Hey Ceemee We went ova grandma’s (I cooked a fantastico meal yeah I no it aint a word) and had fun we even forgot toys and he was manageable (sp?) The older he’s gettin… les jus say whew… it was a lil shaky. What’d you and your guy do?

Blow That song just went off Pandora.

By Blow Me a.k.a MOST HATED ON

May 12, 2008 11:11 AM | Link to this

SeanJohnson Where is the link to that story? Yeah that was really bizarre and crazy. Someone slepted with that and had a baby by her? She seems like she was drugged with some PCP in her younger days.

Legend Why is the end near? Cause suge knight got knocked out? When did he become a heavy weight champ? No the end is near when KIMBO gets knocked out. He is the beast!

By Cemeeli

May 12, 2008 11:16 AM | Link to this

Dreams i thought the stilts were not adjustable. come in here walking over the topic Good post!

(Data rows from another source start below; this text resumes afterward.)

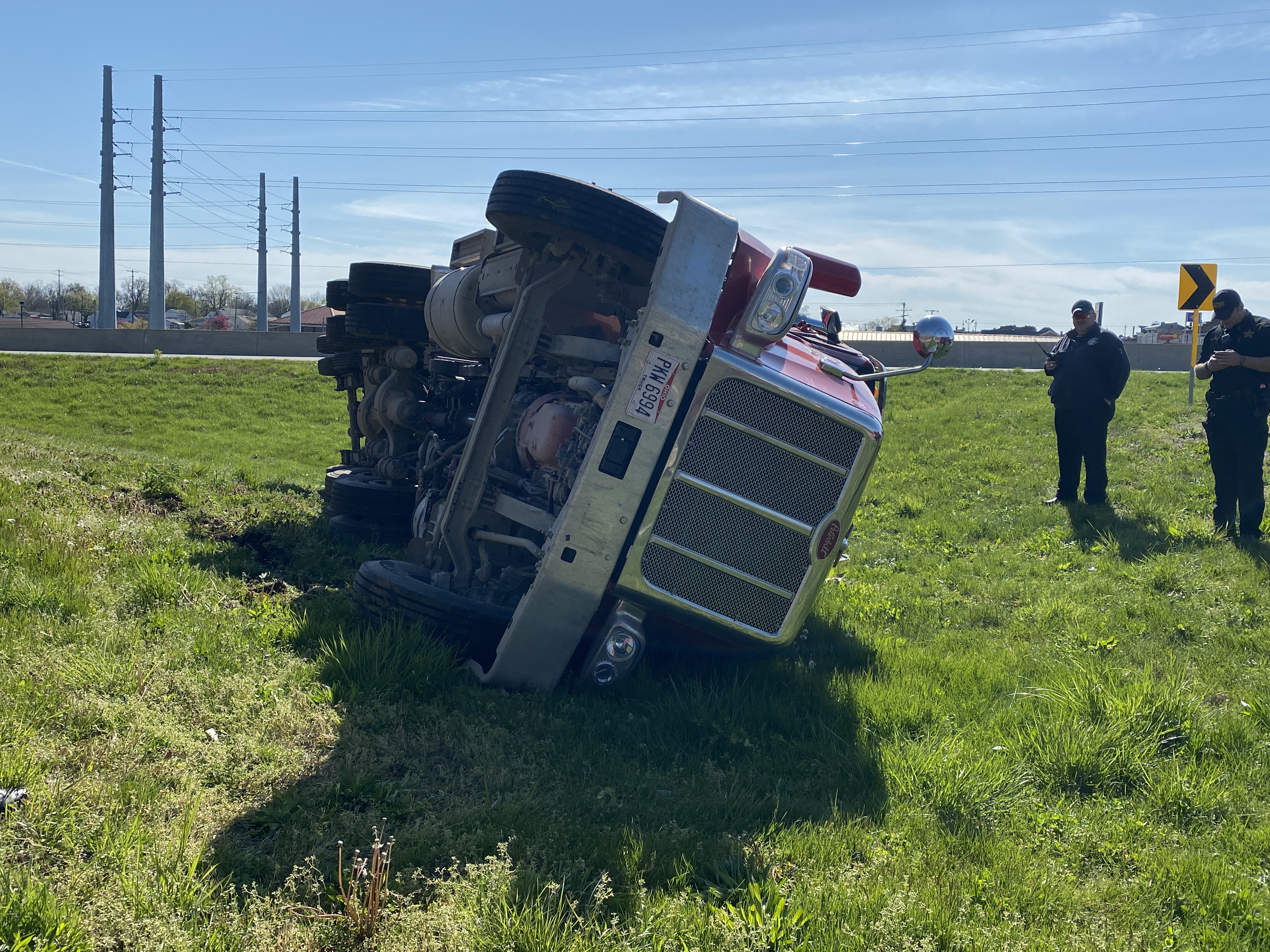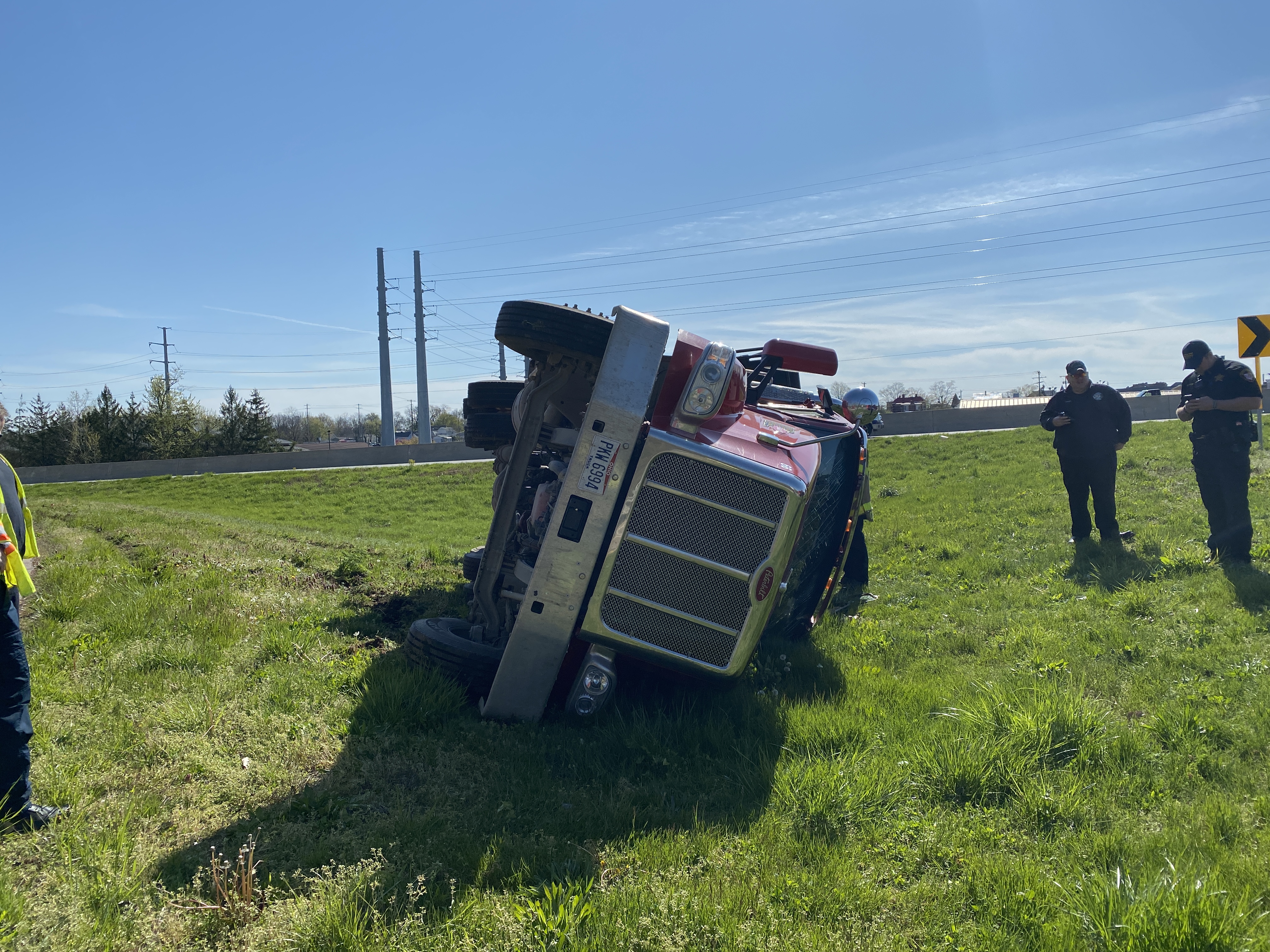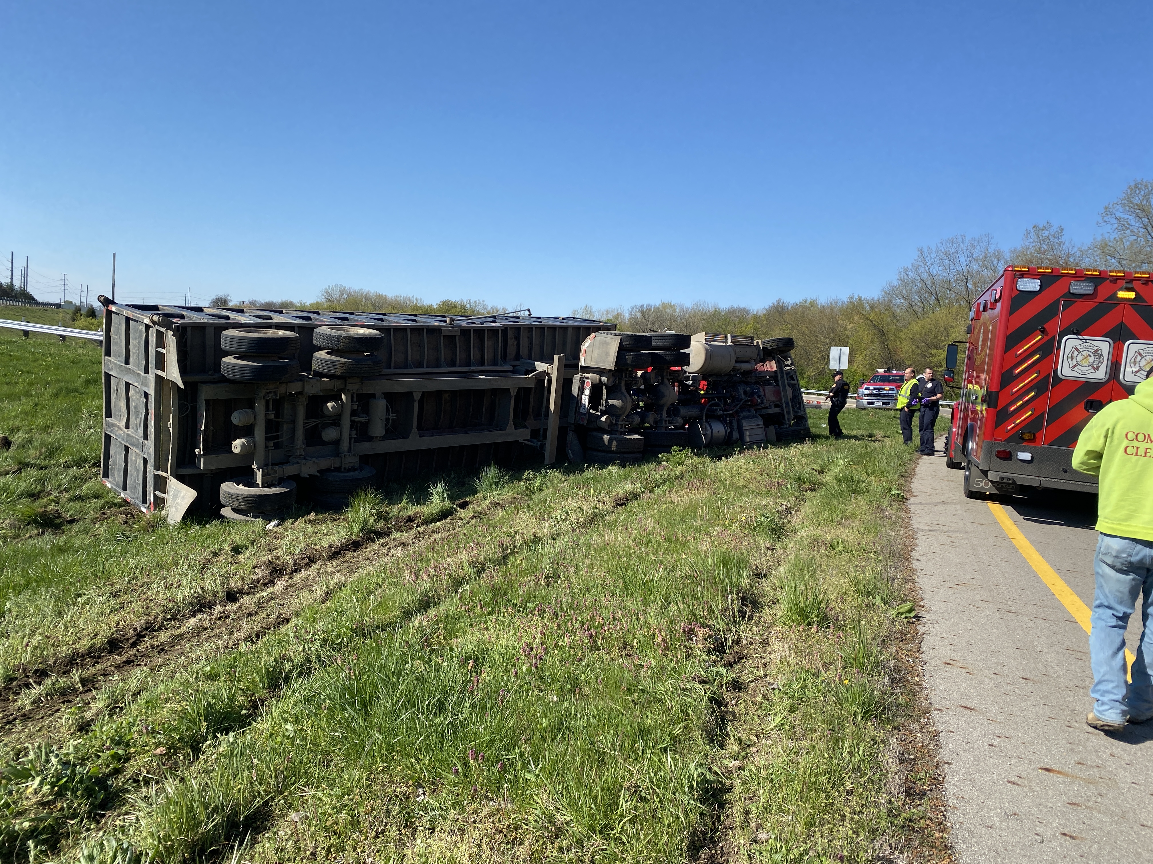 PICKAWAY – Around 8:51 am on April, 20, 2020 Pickaway Sheriffs office received a report of a dump truck that had lost control and flipped on its side at the US-23 south and Main Street exit.
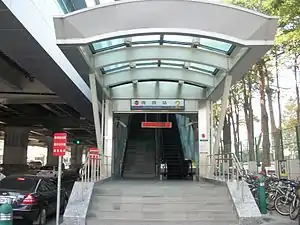 The station is a three-level, elevated station with two Side platform and three exits.[2] It is 153 meters long and is located near the intersection of Jiachang Rd. and Haijhuan Rd.[3]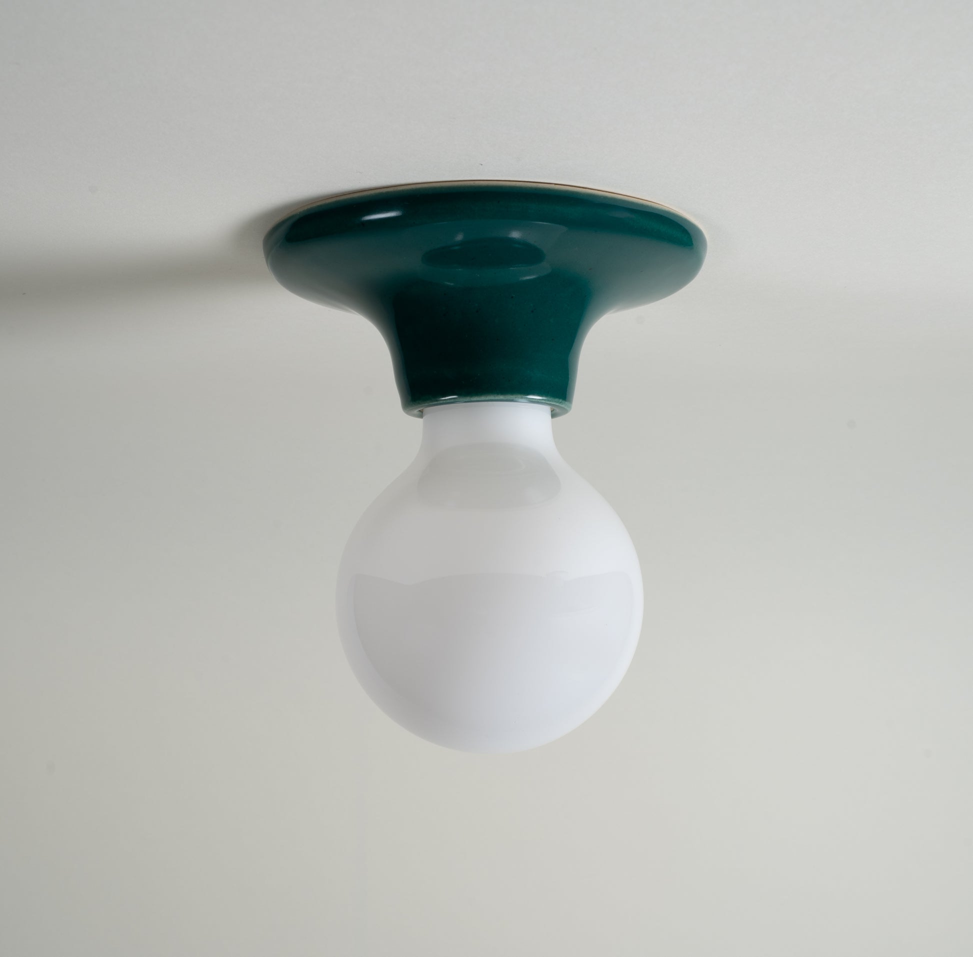 Designed to compliment a range of styles, it's equally at home as a wall or ceiling fixture and mounts to a standard junction box. Available in 18 glazes - subtle variations in surface texture are part of its unique character.

mqew cooking…wow, you’re good. The lil guy treated me to some overcooked eggs, toast, lumpy smoothie and a ‘don’t bother’ day yesturday. I actually did more on Saturday than yesturday.

By Blow Me a.k.a MOST HATED ON

May 12, 2008 11:23 AM | Link to this

mquew Pandora? That’s the movie or Trios. That’s the joint though….That song makes you want to get high!! Just joking…I don’t do drugs…I have a nature high!!

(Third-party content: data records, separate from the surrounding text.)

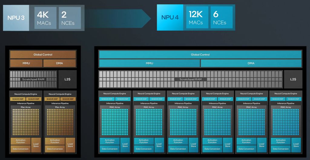 Meteor Lake, yapay zeka PC jenerasyonunu başlatmakta beklenen başarıyı yakalayamamıştı. Ancak Lunar Lake, NPU donanımını üç katına çıkararak, bellek bant genişliğini iki katına çıkarıyor ve saat hızını 1.4GHz’den 1.95GHz’ye yükseltiyor. Bu, 48 TOPS’a kadar performans sağlıyor ve genel performansta 2x ila 4x artış sunuyor.
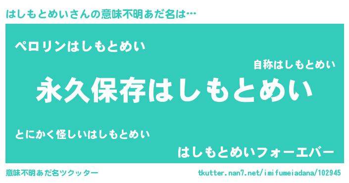 | 伝説のあだ名 | 『古より伝わる吟遊詩人はしもとめい』 |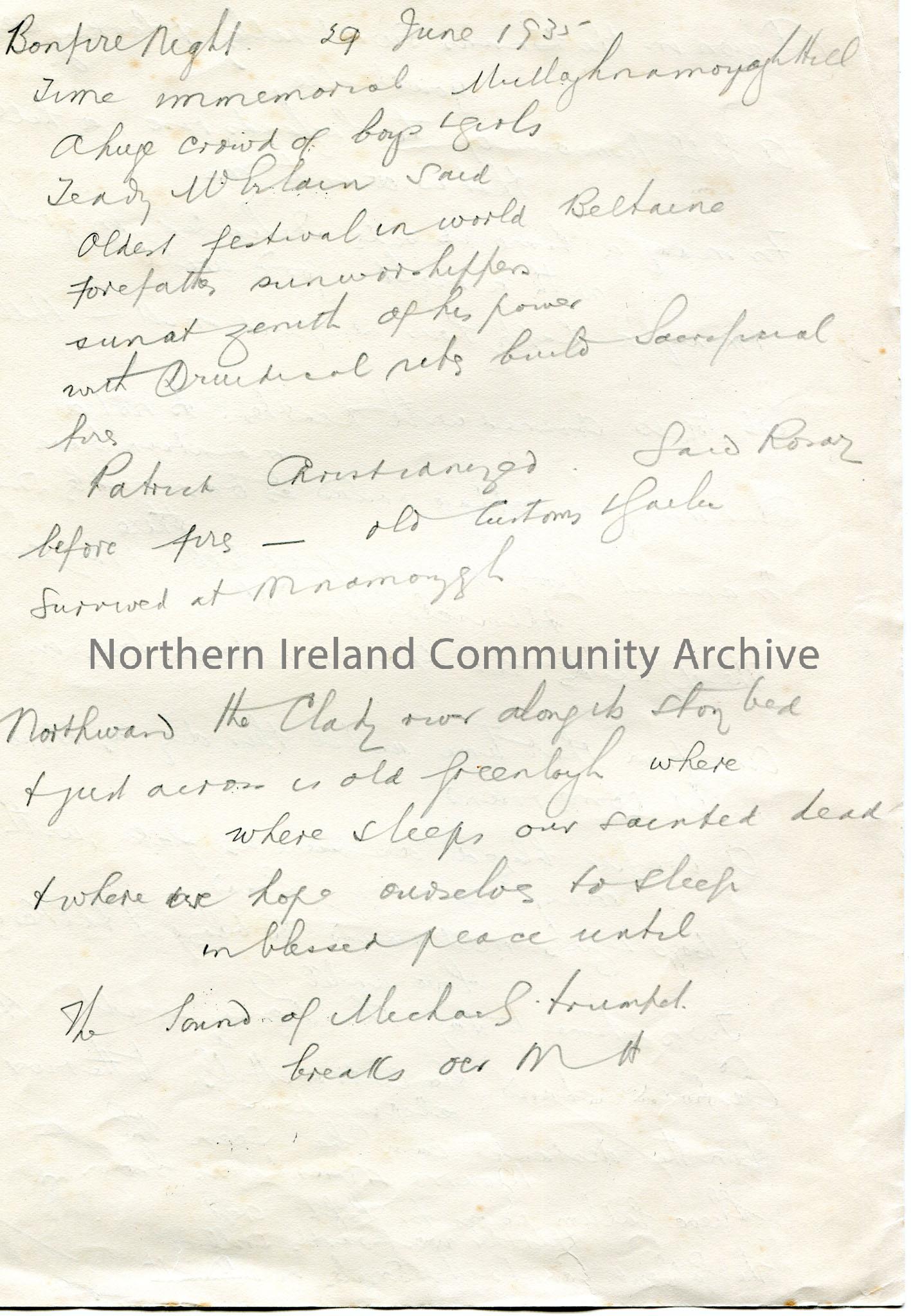 Handwritten song or poem in pencil on one side of page. Mentions Antrim hills and Mourne mountains. 'Songs of the people, The Oul Rigadoo' handwritten upside down bottom right corner. Notes on other side re Bonfire night, 29th June, 1935.

By Darrell (www.blackthen.com)

May 12, 2008 11:25 AM | Link to this

M “I think some women who have trouble in dating sometimes because they may think as you said that guys have to get on my level.”

Yep. And the truth is that oftentimes even when a guy is seen as being “on their level”, it never stops there because more than likely there’ll be something else he’ll have to live up to down the road.

It’s as if the positive attributes you initially brought into the relationship (which you thought were a blessing to her), have now become a curse, because all of a sudden she’s wanting you to use attribute ‘a’, ‘b’, ‘c’ to become man ‘x’, ‘y’, ‘z’(influenced, in part, either by her girlfriends or some movie or talk show or reality show she’s into.)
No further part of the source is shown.